Rationale for combination ketoconazole/ vitamin D treatment of prostate cancer.

By: Peehl DM, Seto E, Feldman D.

Urology 2001 Aug;58(2 Suppl 1):123-6

The high rate of progression of prostate cancer after androgen deprivation therapy mandates that new strategies be developed. Adjuvant therapy combined with androgen deprivation may slow or prevent progression. Ketoconazole plus calcitriol therapy is an example of 1 such a combination with a mechanistic basis for synergistic activity. Ketoconazole is commonly used as a second-line androgen deprivation therapy. This imidazole derivative is an inhibitor of P-450 enzymes, including those involved in steroidogenesis. Other P-450 enzymes that are inhibited by ketoconazole include 1alpha-hydroxylase and 24-hydroxylase, which metabolize vitamin D. Growth inhibition of prostate cancer cells by vitamin D depends on levels of the active metabolite, 1,25-dihydroxyvitamin D(3) (calcitriol). The enzyme 24-hydroxylase converts calcitriol to less active products. The inhibition of 24-hydroxylase by ketoconazole maintains the magnitude and duration of response to calcitriol. Combined ketoconazole/calcitriol therapy might therefore potentiate the antitumor activity of calcitriol.
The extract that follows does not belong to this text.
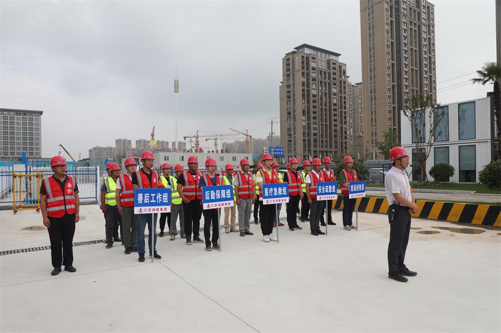 揚建網(wǎng)訊 為認真貫徹落實習近平總書記的一系列重要講話精神,健全安全生產(chǎn)責任落實,檢驗重點項目在建工程應急救援預案的可行性和操作性,提高員工的安全意識以及在緊急情況下的應變和自救能力,6月24日上午,揚州頤和醫(yī)療健康中心項目組織開展安全事故應急救援演練,項目部全員參與應急演練。城控集團、城建置業(yè)以及我集團公司領(lǐng)導現(xiàn)場觀摩。

Because androgen-independent prostate cancer cells often remain responsive to growth inhibition by calcitriol, it is also possible that calcitriol would slow or prevent development of androgen-independent cancer growth. Another consideration is that ketoconazole blocks 1alpha-hydroxylase activity, which is the key enzyme that creates calcitriol in the body. Therefore, patients receiving ketoconazole therapy are likely to be deficient in vitamin D. The detrimental consequences of vitamin D deficiency in these patients would also be alleviated by the addition of calcitriol to the therapeutic regimen.